There are several considerations to be made: First of benchmark performance from current cards vs older generations ones won’t reflect actual performance. The reason is that newer cards are build to work best under the PCI 4 spec (with PCI 3 fallback in mind), while older ones were build for the PCI 3 spec (with PCI 2 fallback in mind - which these Mac Pros have). Due to PCIs inherent backwards compatibility current cards will work in older Computers, but performance might be heavily tanked and a PCI 4 card could performance worse than an theoretical inferior older generation card. This shouldn’t happen, but it cannot be ruled out for sure without either finding such tests or conducting them yourself.
Additionally I’ve somewhat got a bell ringing that in BIOS mode these Macs don’t even advertise (full) PCI 2(.1) compatibility as they do with later (and the current) EFI firmware. For best ACPI compatibility (and performance) running Windows in EFI mode will hence probably increase performance, especially with newer (than the Mac itself) GPUs. Regarding the firmware corruption issue that is related to this, OpenCore (when used as the boot manager for chainloading Windows) has protection mechanisms against this then configured correctly.

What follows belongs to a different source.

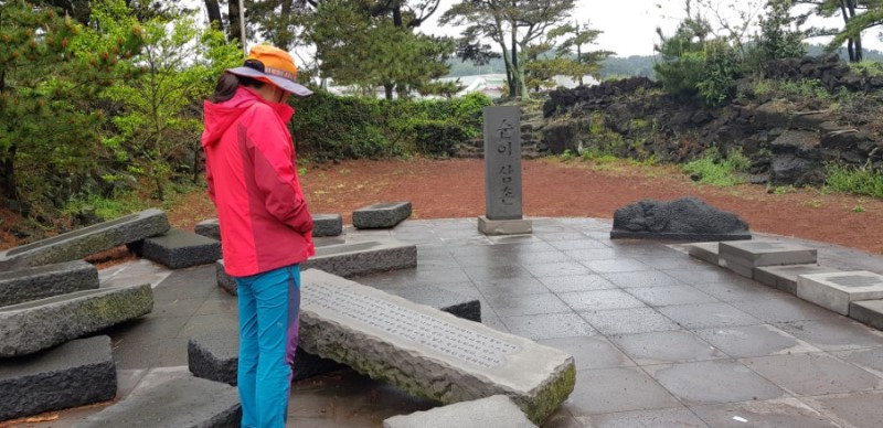 위령비가 보슬비를 맞으며 쓸쓸히 서 있다.

All that so far is rather theoretical and hypothetical. That said, I still think, the best possible GPU should be a current one (due to performance per watt ratio) fitting into the Mac’s power budget. This means that per spec it would be a dual 6 pin or single 8 pin Powered GPU. However as Macs are beautifully over engineered in my experience a 6+8 pin powered GPU works great, though I’d highly recommend distributing the load between the two mini Molex connectors: meaning dual 6 pin mini Molex to dual standard 6 pin Molex -> dual female 6 pin Molex to single 8 pin Molex Y-cable -> female 8 pin Molex to 8+6 (or 8+8, mind the TDP!) pin Molex. I ran that configuration for years without any issues (including coilwhine) whatsoever. (295W RX Vega 64)
So to sum it, reflecting upon my own experience any GPU with up to a 300W TDP should work, if they are build with a 6 pin (75W) and a 8 pin (150W) connector (providing the additional 75W needed through the PCI port itself, as per spec).
As newer GPUs only come with a 12 pin or dual 8 pin Molex connectors those should better not exceed 225W as it’s not clear (unless somewhere found?) wether they actually draw the remaining 75W solely through the PCI port. Thus performance wise some RTX 4070 Supers are within that save limit without additional modifications to the Mac. The absolut safest bet within the Mac’s per spec would be the most powerful single 8 pin GPU. There are some RTX 4070 variants.
That said I’d recommend going with a admittedly slower, but usually not by to far AMD RX 6800 which with a TDP starting at 250W is just 25W over the working limit (outside spec) with a rather save assumption that the remaining 25W will be drawn from the slot. The great advantage of that GPU is, that it will work with macOS as well (GPU firmware patch required) while not being that much slower in many scenarios. Feeling adventurous an RX 6800 XT equals an GTX 4070, and is TDP wise still below 300W which can work.
In any case I really recommend to balance the load between the two mini Molex connectors. I hope this helps.